One day at the office.
Coworker: “Copy-nya buatin versi yang Bahasa Indo juga ya…”
Me: “Yeah, sure”

One fine day during traffic rage.
Friend: “Orang Indo tuh suka seenaknya sendiri kalo nyetir”
Me : “…”

Noticed something “not right” from the conversation above?

If you don’t notice something “not right”, I beg you to follow until the end of this article.

Kijang, a long time popular car in Indonesia is a abbreviation from “Kerjasama Indonesia Jepang” (Cooperation of Indonesia-Japan). At the same time “Kijang” is Indonesian word for “deer”. Credits: Wow fact.

Indonesians have known for a long time to be advanced in shortening, from the era of typewriter to Twitter. For example; Surat Perintah Sebelas Maret (Order of the Eleventh March, a historical document) to become Supersemar; Otto Iskandar Dinata (national hero) become Otista; Monumen Nasional (National Monument) become Monas; Bandar Udara (Airport) become Bandara; “Biasa aja” (Just basic) become “B aja” (Just B); et cetera.

Shortening is in our blood, and in recent years there’s a trend to take away the -nesia from Indonesia, leaving just Indo.

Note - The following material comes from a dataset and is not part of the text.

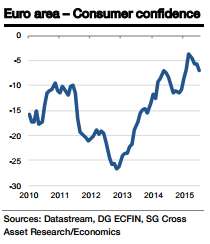 "However, since May, consumer confidence in the euro area has dropped from -3.7 to -7.1 and it is likely to remain unchanged in August on the back of a mixed picture from the real economy. While concerns over the global outlook is likely to impact consumer confidence negatively, improving labour markets and a further decline in oil prices are likely to counterbalance", says Societe Generale.

I often found it in daily conversation (spoken and written) and social media, with speaker/user education level ranging from bachelor degree to elementary school.

Social listening on Twitter. Proof that “Indo” is commonly used to shorten “Indonesia”

From here I feel people are crossed the line, showing their ultimate laziness and ignorance.

Why?

Shortening the name Indonesia to Indo it’s not about unpatriotic or not appreciating national hero struggle fights for independence. Indo is just not the right word to represent Indonesia. If we bother to open a dictionary (or Google), we will find that Indo has a completely different meaning.

Based on Cambridge dictionary, Indo, as prefix has a meaning related to India or Indian Subcontinent. The terms coming from the Greeks and Persians who called the land of the river Hindus/Sindhu, Indos, the place of grand rivers, India.